Molte aziende implementano l’IA quando la loro infrastruttura dati è ancora frammentata, priva di governance e inadatta per l’IA generativa o l’IA agentica (Agentic AI).
EY osserva che solo un ristretto numero di organizzazioni possiede una “data maturity” sufficiente per scalare l’IA in modo efficace su larga scala.
Il primo segnale è una strategia dati che serve solo per la compliance e la reportistica statica, anziché supportare l’apprendimento automatico, l’automazione e il processo decisionale in tempo reale. Molti sistemi di dati aziendali esistono in silo, mancano di metadati, hanno una proprietà (ownership) poco chiara e sono difficili da tracciare.
Il secondo segnale è una gestione debole dei dati, in cui le aziende non sanno dove risiedano i dati o cosa contengano. Capital One ha dichiarato di aver dovuto modernizzare l’intero ecosistema di dati cloud per poter servire l’IA.
Il terzo segnale è una governance che non funziona in modo efficace, costringendo i reparti a riconciliare (reconcile) i dati manualmente.
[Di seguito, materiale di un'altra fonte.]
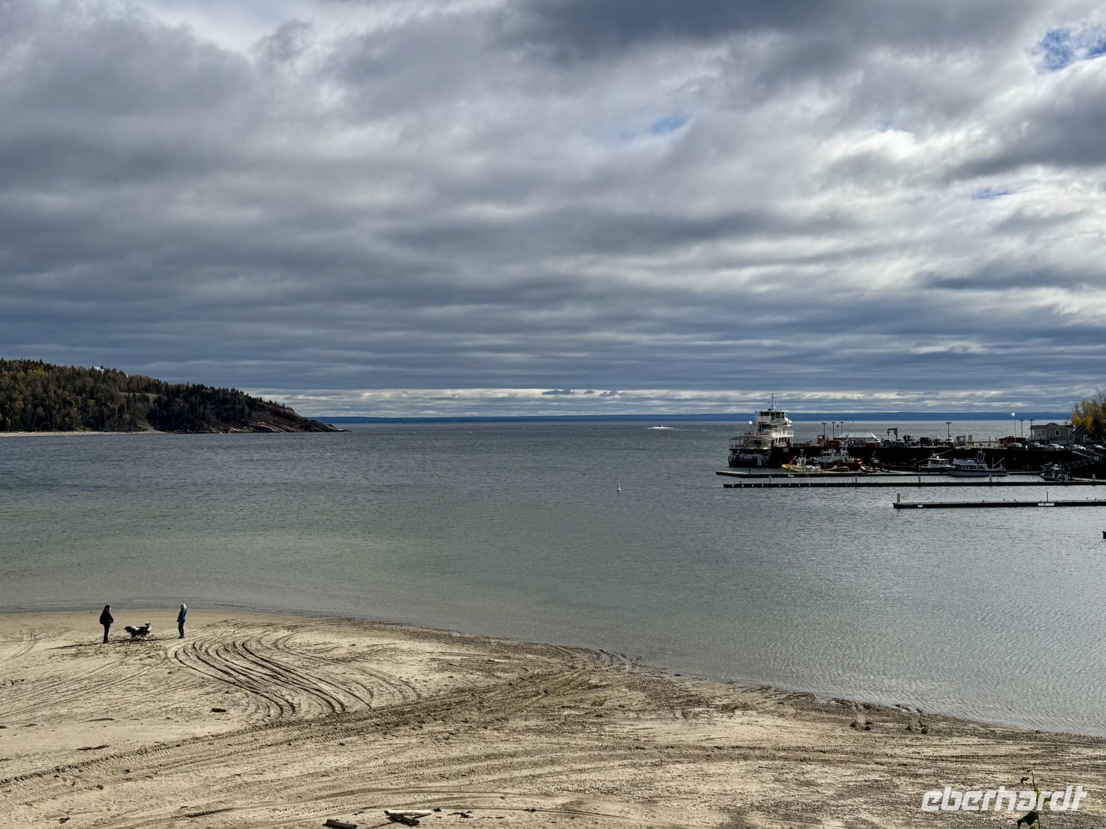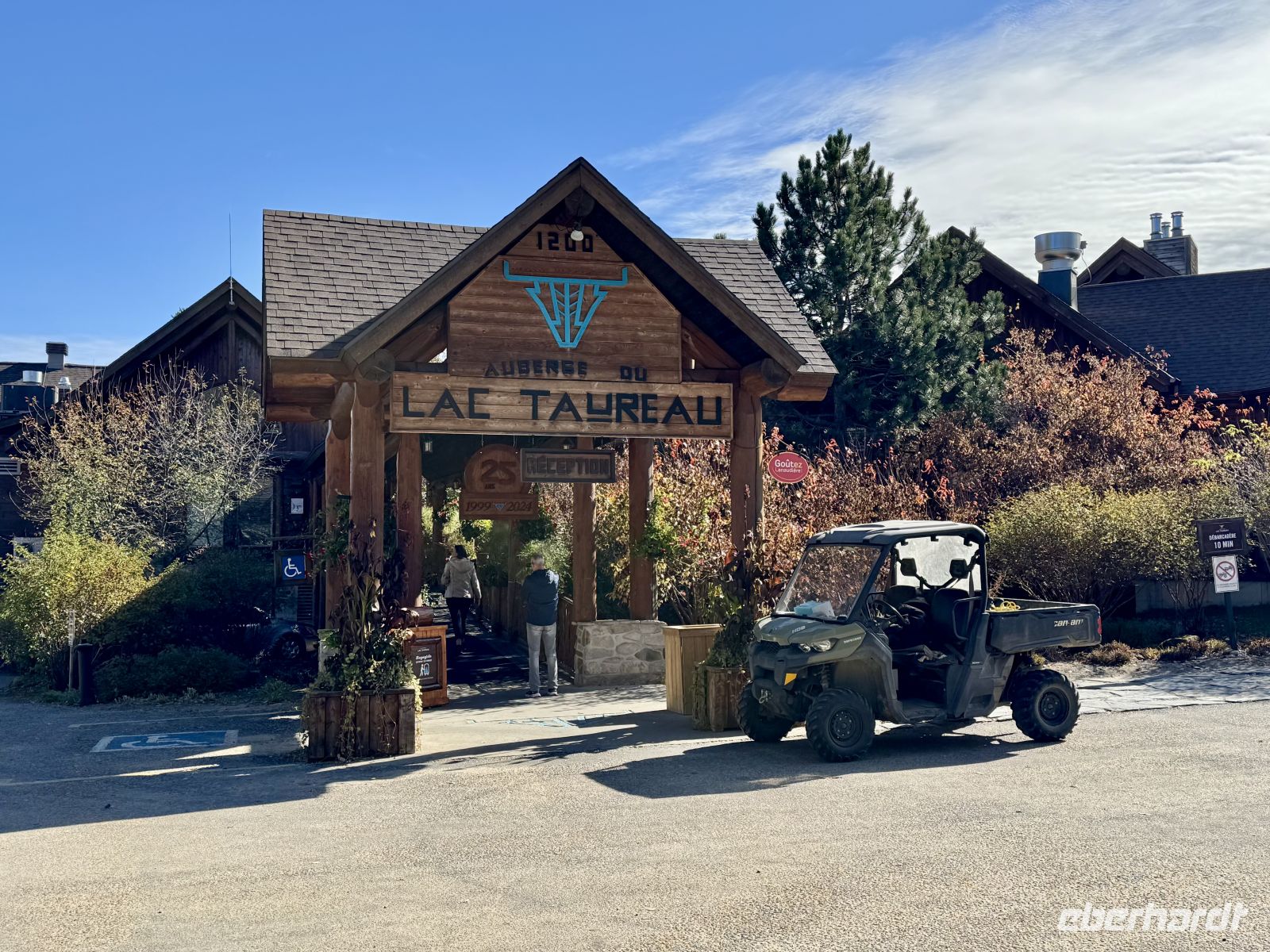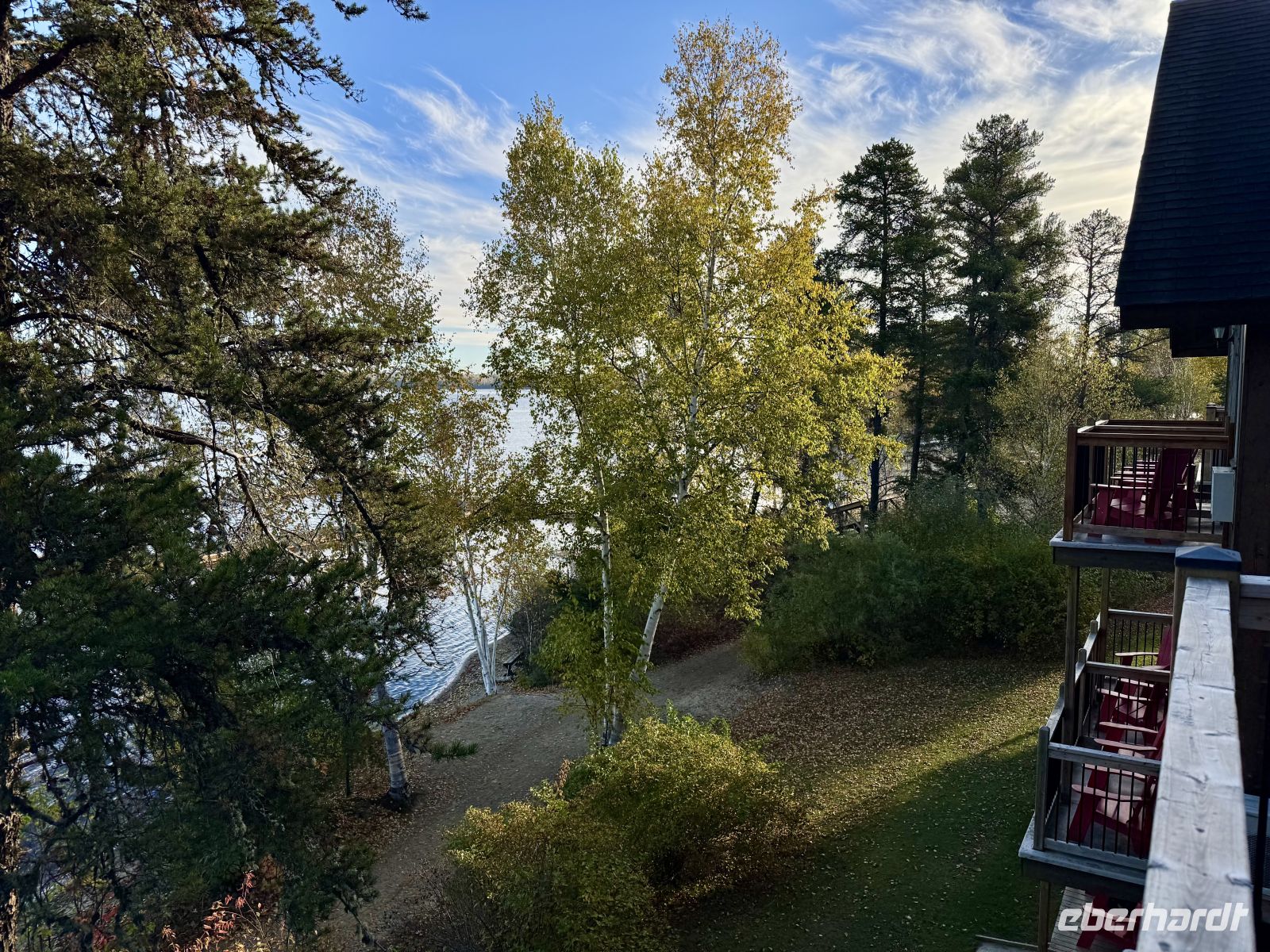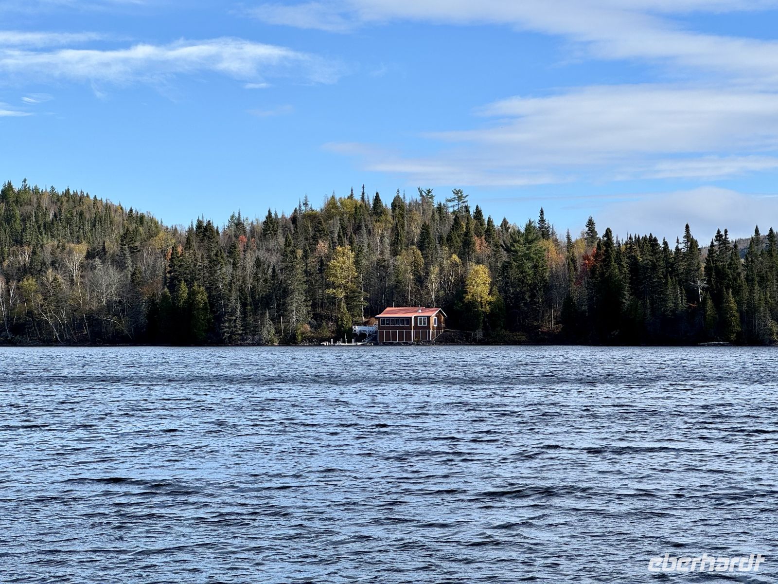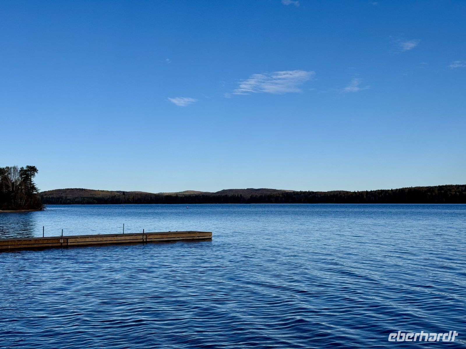 Nach zwei Tagen in Großstädten steht heute Erholung in der Natur auf dem Programm. Außerdem starten wir ganz entspannt in den Tag und kosten das tolle Frühstücksbuffet mit Omelett-Station so richtig aus — bis einfach nichts mehr reingeht. Nur vielleicht noch ein kleines Pain au Chocolat? Oder zwei? Die anderen Hotelgäste checken nach dem Frühstück aus, sodass wir das Resort-Hotel am Lac Taureau ab Mittag wirklich ganz für uns haben. Wer möchte, kann sich mir am späten Vormittag für einen Spaziergang/eine kleine Wanderung durch den herrlichen Herbstwald anschließen. An Tieren sehen wir leider nur Eichhörnchen, die sich aber von uns nicht stören lassen und uns neugierig vom Ast aus beäugen. Familie Biber traut sich jedoch nicht vor die Tür. Oder sind sie schon wieder umgezogen? Ihr neues Domizil, das sie sich in den letzten Jahren erbaut haben, liegt jedenfalls trocken. Für unser gemeinsames Picknick treffen wir uns im Bistro-Bereich und verspeisen genüsslich unsere mitgebrachten Snacks und Sandwiches. Für den „Nachtisch“ müssen wir jedoch das Gebäude verlassen und uns am Strand zu einem konspirativen Treffen verabreden. Dort stoßen wir mit kanadischem Whisky mit Ahornsirup auf unser allgemeines Wetterglück und die nette Reisegesellschaft an. Den Nachmittag können wir dann im Schwimmbecken, Whirlpool oder in der Sauna verbringen. Oder wir gehen nochmal spazieren. Auch das zweite Abendessen im urigen Speisesaal ist wieder sehr lecker. Und da wir jetzt wirklich ganz alleine sind, geht auch alles ein bisschen flotter. Unser Kellner ist zudem sehr aufmerksam und gut organisiert. Warum können wir eigentlich nicht noch einen Tag verlängern?

L’University of Tennessee, Knoxville avverte che l’IA amplificherà le incongruenze invece di risolverle.
Il segnale successivo è un sistema di business intelligence (BI) che perde utenti perché i dipendenti creano autonomamente fogli di calcolo, shadow model o analytics separati. Secondo ISG, quando gli utenti smettono di fidarsi della BI centralizzata, i dati aziendali hanno iniziato a “rompere il semantic layer”.
Un altro segnale pericoloso è rappresentato da dati che non sono chiaramente collegati ai business outcome su cui l’IA deve influire. Concentrix ritiene che l’IA restituisca spesso risultati errati quando la knowledge base è obsoleta, priva di struttura o con una governance blanda. Molti sistemi di dati sono scritti per essere letti dagli umani e non per essere elaborati automaticamente dalle macchine.
L’articolo sottolinea inoltre che il “data debt” (debito di dati) è un grosso problema quando le aziende accumulano anni di dati non standardizzati, privi di valore e pieni di scorciatoie tecniche.
La City University of New York ritiene che la maggior parte delle aziende non abbia incentivi finanziari per correggere realmente la qualità dei dati.
L’ultimo segnale è che l’azienda incontra difficoltà persino con la reportistica e l’analitica di base. Se la creazione di un semplice insight richiede ancora il coordinamento di più team e operazioni manuali, l’IA non farà altro che complicare il problema.
Gli esperti ritengono che l’IA non possa salvare una base dati debole, ma al contrario esporrà tutte le lacune presenti nell’infrastruttura dati aziendale.
L’articolo conclude che l’IA è affascinante, ma la data governance rimane il lavoro più difficile e cruciale affinché l’IA crei valore reale.
📌 Conclusione: La maggior parte dei fallimenti dell’IA oggi non risiede nei modelli, ma nei dati aziendali retrostanti. Problemi come i silo di dati, una governance debole, una semantica non unificata e anni di “data debt” accumulato rendono difficile per l’IA generativa e l’IA agentica creare valore reale su larga scala. Quando persino la business intelligence di base manca di affidabilità, l’IA finirà solo per amplificare gli errori invece di risolverli. Ciò riflette una nuova tendenza del mercato: la corsa all’IA si sta spostando da chatbot e modelli verso il problema dell’infrastruttura dati, dei metadati e della governance interna aziendale.